◆ What you are asked to do ◆
The task for the listing below is to write out exactly the lines starting at the one containing "An exceptionally warm" and ending at the one containing "Mrs. Nane Annan", both included. Pictures are to be omitted.

(Beginning of Data to examine)

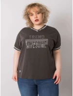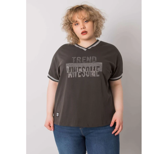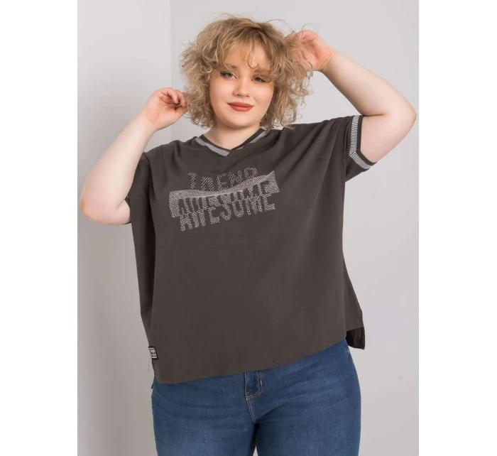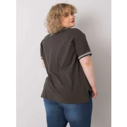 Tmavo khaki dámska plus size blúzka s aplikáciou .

(End of Data to examine)
(Beginning of Data to examine)

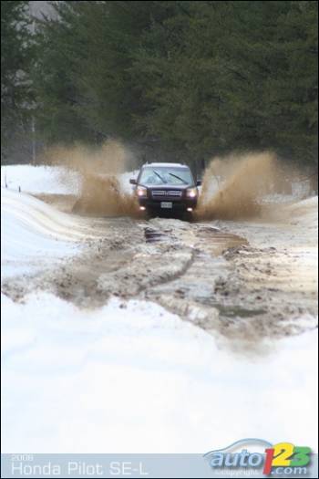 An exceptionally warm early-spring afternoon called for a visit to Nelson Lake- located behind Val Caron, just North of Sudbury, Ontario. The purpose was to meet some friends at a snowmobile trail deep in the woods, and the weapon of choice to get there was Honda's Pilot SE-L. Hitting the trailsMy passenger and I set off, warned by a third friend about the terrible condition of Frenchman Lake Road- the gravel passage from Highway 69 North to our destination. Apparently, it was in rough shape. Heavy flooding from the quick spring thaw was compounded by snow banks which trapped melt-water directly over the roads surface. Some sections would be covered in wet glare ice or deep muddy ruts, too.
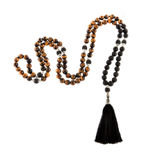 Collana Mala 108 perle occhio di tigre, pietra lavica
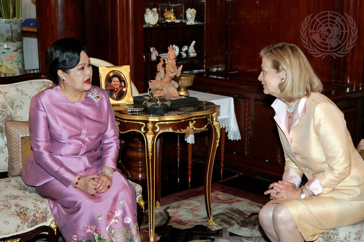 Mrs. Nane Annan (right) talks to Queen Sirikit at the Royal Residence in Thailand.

(End of Data to examine)

◆ Response ◆
 An exceptionally warm early-spring afternoon called for a visit to Nelson Lake- located behind Val Caron, just North of Sudbury, Ontario. The purpose was to meet some friends at a snowmobile trail deep in the woods, and the weapon of choice to get there was Honda's Pilot SE-L. Hitting the trailsMy passenger and I set off, warned by a third friend about the terrible condition of Frenchman Lake Road- the gravel passage from Highway 69 North to our destination. Apparently, it was in rough shape. Heavy flooding from the quick spring thaw was compounded by snow banks which trapped melt-water directly over the roads surface. Some sections would be covered in wet glare ice or deep muddy ruts, too.
 Collana Mala 108 perle occhio di tigre, pietra lavica
 Mrs. Nane Annan (right) talks to Queen Sirikit at the Royal Residence in Thailand.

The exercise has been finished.